0:4.13 Cennet bir yaratıcı değildir; o sadece birçok evrensel faaliyetin benzersiz bir denetleyicisidir, bu bağlamda sadece tepkisel bir doğaya sahip olmasına kıyasla bir denetleyiciden çok daha fazlasıdır. Maddi evrenler boyunca Cennet tüm varlıkların kuvvetlerinin, enerjilerinin ve güçlerinin tepkimeleri ve işleyişi üzerinde bir etkide bulunur; fakat Cennet’in kendisi âlemler içinde benzersiz, ayrıcalıklı ve soyutlanmış bir konumdadır. Cennet hiçbir şeyin yansıması değildir ve hiçbir şey Cennet’i yansıtmaz. Cennet ne bir güçtür nede bir varlıksal mevcudiyettir; o tüm bunların üzerinde bir değerdir, Cennet kendiliğiyle tanımlı olan bir değerdir.
0:5.1 Kişilik; ilahlaştırılmış gerçekliğin bir düzeyi olup, ibadet ve erdemin yüksek akıl etkinleştirmesinin ölümlü ve yarı-ölümlü varlık düzeylerinden morontial ve ruhani seviyesi boyunca karakter düzeyinin kesinliğine ulaşmasına kadar olan alanı kapsar. Bu ölümlü ve aynı türden olan yaratılmışlık kişiliğinin evrimleşen yükselişidir, fakat evren kişiliklerinin diğer birçok seviyesi bulunmaktadır.
0:5.2 Gerçeklik evrensel gelişime, kişilik ise sonsuz çeşitliliğe bağlıdır ve bu ikisi sınırsız İlahi etkileşime ve ebedi istikrara ulaşmada neredeyse tamamen yetkindir. Birey dışı gerçekliğin başkalaşan kapsamı kesinlikle sınırsız olsa da, kişilik gerçekliklerinin ilerlemeci evrimleşmesine engel olacak herhangi bir sınırlamanın bulunmadığı bilgisine sahibiz.
0:5.3 Erişilen deneyimsel seviyelerde tüm kişilik düzeyleri ve değerleri ilişkili ve hatta eş yaratılmışlıklardır. Tanrı ve insan bile İnsan’nın Evladı ve Tanrı’nın Evladı Hazreti Mikâil’in varlığının kendisinde seçkince gösterildiği gibi bütünleşmiş bir karakterde bulunabilir.
0:5.4 Kişiliğin tüm alt-sınırsızlık düzeyleri ve fazları katılımcı ulaşılabilirliklerdir ve olası bir biçimde eş yaratılmışlıklardır. Birey öncesi, bireyci ve bireyler üstü durumlar eş yaratımsal ulaşılabilirlik, ilerlemeci başarı ve eş güdümsel ehliyetin ortak bir potansiyeli tarafından birbirlerine bağlıdır. Fakat birey dışı düzey kişiliğin varlıksal bütünlüğü üzerinde herhangi bir etkiye sahip değildir. Kişilik kendiliğinden olan bir yapıda bulunmaz, çünkü kişilik Cennet Yaratıcısı’nın bahşettiği bir kabiliyettir. Kişilik enerjinin üstüne inşa edilmiş bir bütünlük olup ve sadece yaşayan enerji sistemleriyle ilişkide bulunduğundan; kimlik cansız olan enerji yapılarıyla ilişkilendirilebilir.

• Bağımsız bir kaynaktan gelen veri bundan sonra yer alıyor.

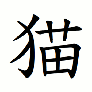 猫 - спрощена форма, яка зараз є стандартною в континентальному Китаї та Японії
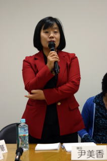 「私たちは1992年から阿媽たちを支援してきましたが、58人いた阿媽は、この17年の間に18人になってしまいました。今日もここに来られればよかったのですが、高齢のためそれもかないません。被害者達は最後に「ごめんなさい」という言葉を聞きたがっています。立法案を通過させ、歴史教科書を見直すことができるようしてください。」
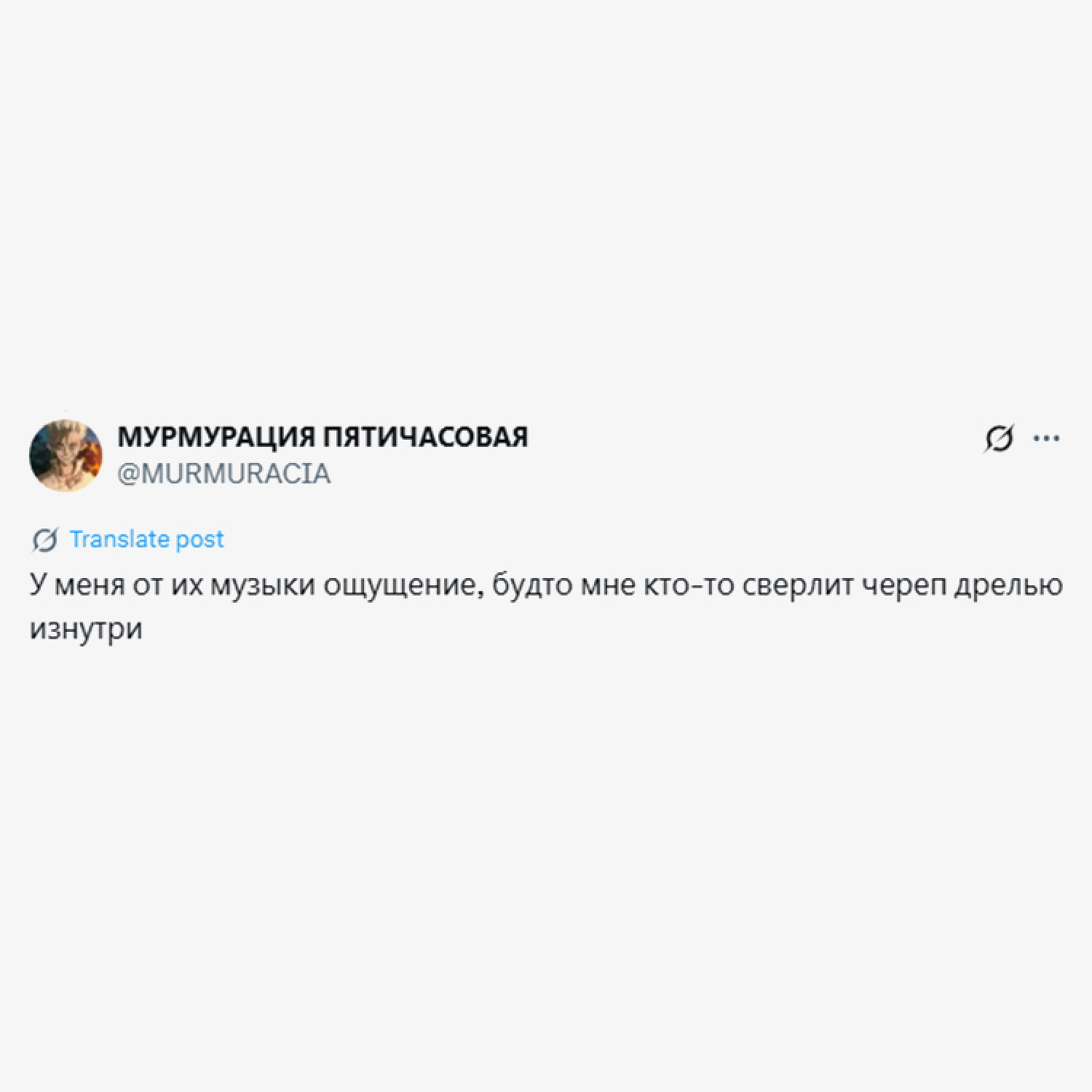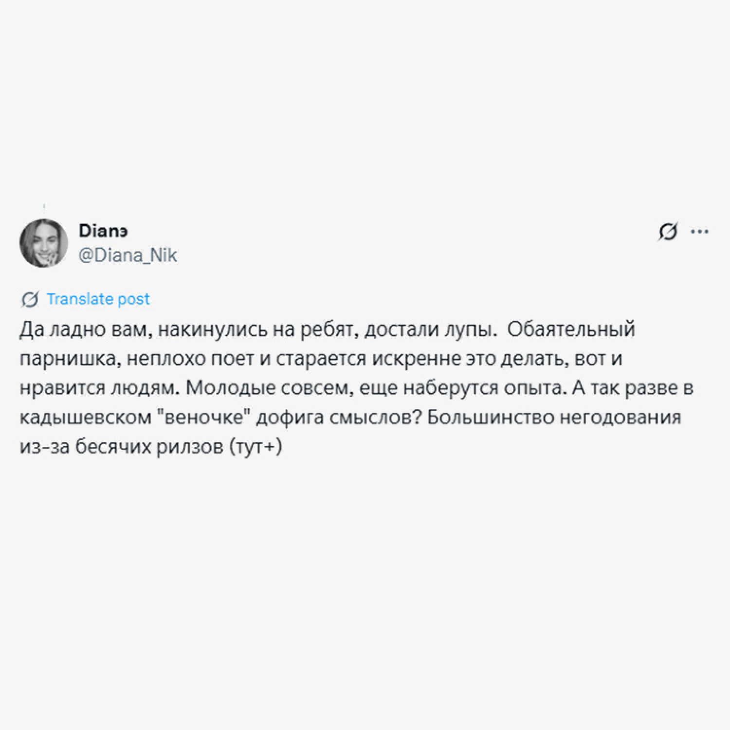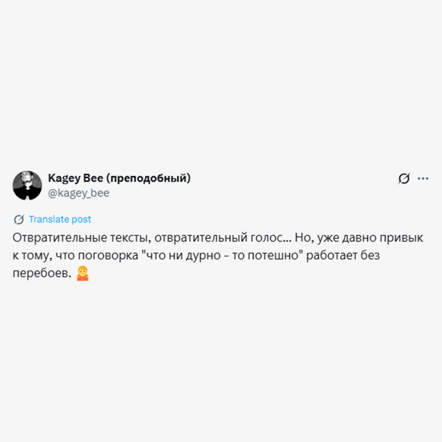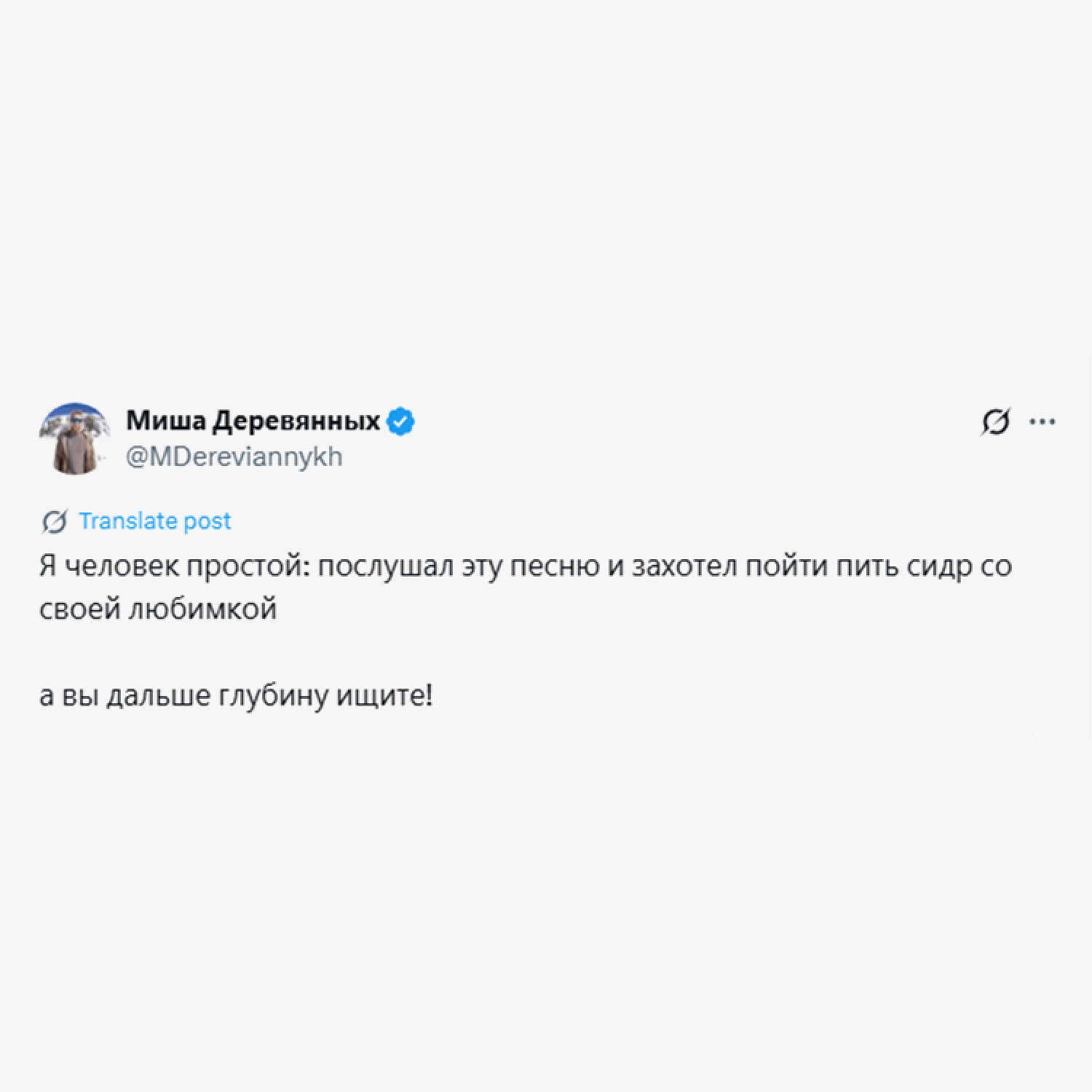 Думаю, у некоторых еще со времен „Кухонь“ накопилось негодование к группе как минимум из‑за вездесущности песни. И вот вам легитимный повод пожурить, немного обесценить их победу. А многие вполне искренне считают их тексты и общий подход пафосным, неискренним. Мне „Кухни“ понравились. „Сидр“ не очень (а мотив заел). Кто‑то видит кринжем фит Марго с Пампом, кто‑то — „Бесов“ Айсгергерта, кто‑то — новый альбом Дорна, а кто‑то — „Бонд“. Я за то, чтобы иметь право считать что угодно и кринжем, и шедевром. Только пожалуйста, без навязывания, снобизма и уж тем более попытки пристыдить кого‑то за вкусы».
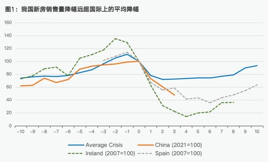其次,对比国际经验来看,我国本轮房地产调整的深度已经足够深,时间也已足够长。上述测算还显示,我国新房销售量较2021年的峰值水平下跌了51.9%,新房销售量已经回调至2007年的水平,从国际上横向比较来看,已经超过国际上房地产危机后新房销售量35.1%的平均降幅。
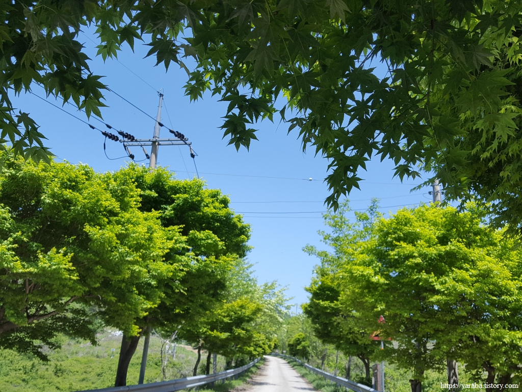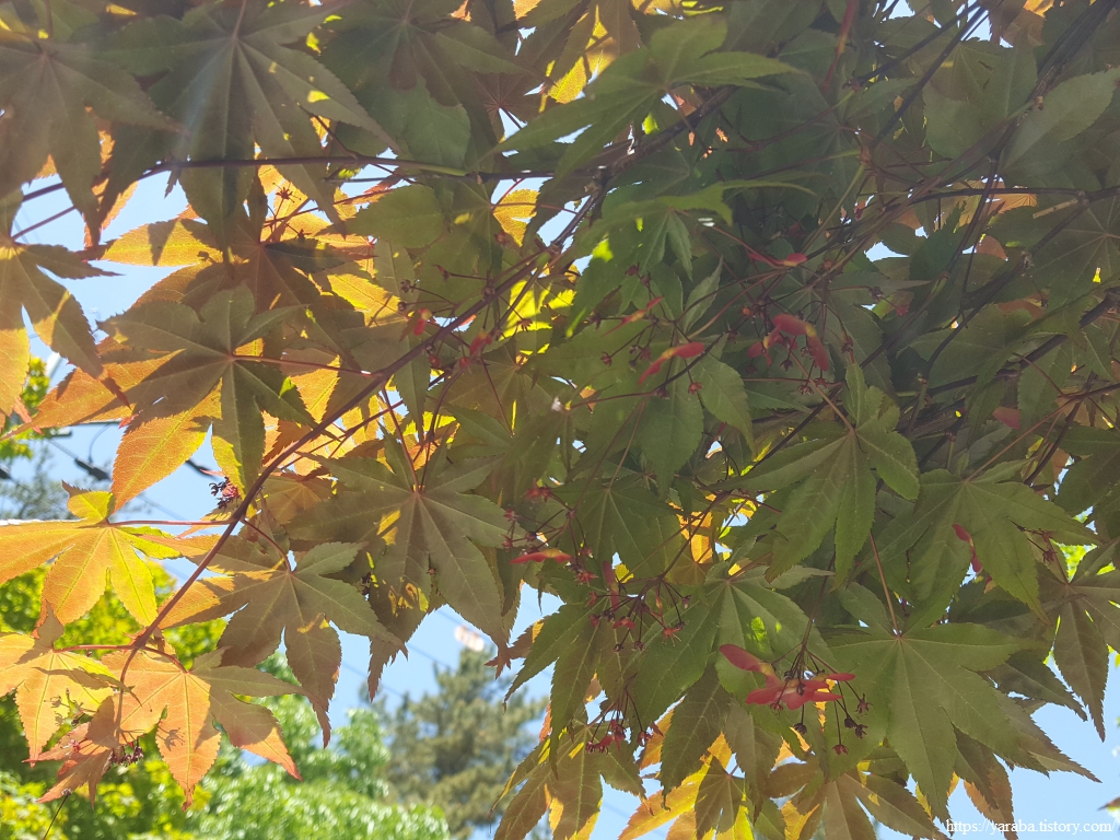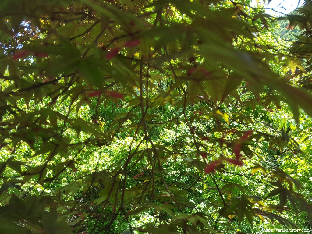 단풍나무에 올망졸망 빨간 열매가 맺혔다. 떨어지면 헬기콥터처럼 날개가 돌아가며 멀리 씨앗을 퍼트리는 신기한 모양의 열매를 가졌다. 단풍나무 그늘 아래에서 잠시 목을 축이고 길을 이어간다.

0:5.5 Kâinatın Yaratıcısı kişilik gerçekliğinin, onun bahşedilişinin ve kaderinin bir gizidir. Ebedi Evlat mutlak kişilik olup, ruhani enerjinin sırrı, morontia ve mükemmelle ulaştırılan ruhlarıdır. Birleştirici Bünye ruh-akıl kişiliği olup, zekânın, nedenselliğin ve evren aklının kökenidir. Fakat Cennet Adası evrensel bütünlüğün özü ve fiziksel oluşumun merkezi ve kökeni olarak birey dışı ve ruhaniyetin üstüdür, aynı zamanda Cennet Adası evrensel madde gerçekliğinin üstün mutlak yapıdır.
0:5.6 Evrensel gerçekliğin bu nitelikleri Urantia’ya özgü insan deneyimlemelerinde aşağıda geçen düzeylerdedir:
0:5.7 1. Beden. İnsan’ın maddi ve fiziksel organizmasıdır. Hayvansal doğanın ve kökenin elektrokimyasal yaşayan işleyişidir.
0:5.8 2. Akıl. İnsan organizmasının düşünen, kavrayan ve hisseden yapısıdır. Bilinçsel ve bilinçdışı bütünlüğün deneyimlendiği yerdir. Duygusal hayat ile etkileşimde bulunan zekâ ibadet ve erdemle ruhani seviyelere doğru yukarı yönde harekete geçer.
0:5.9 3. Ruhaniyet. Kutsal ruh Düşünce Denetleyicileri biçiminde insan aklında ikamet eder. Ölümsüz ruh hayatta kalmaya çalışan fani yaratılmışlıkların kişiliklerinin bir parçası olmaya yönetilmiş olsa da ezeli bir biçimde kişilikten bağımsız birey öncesi düzeye özgüdür.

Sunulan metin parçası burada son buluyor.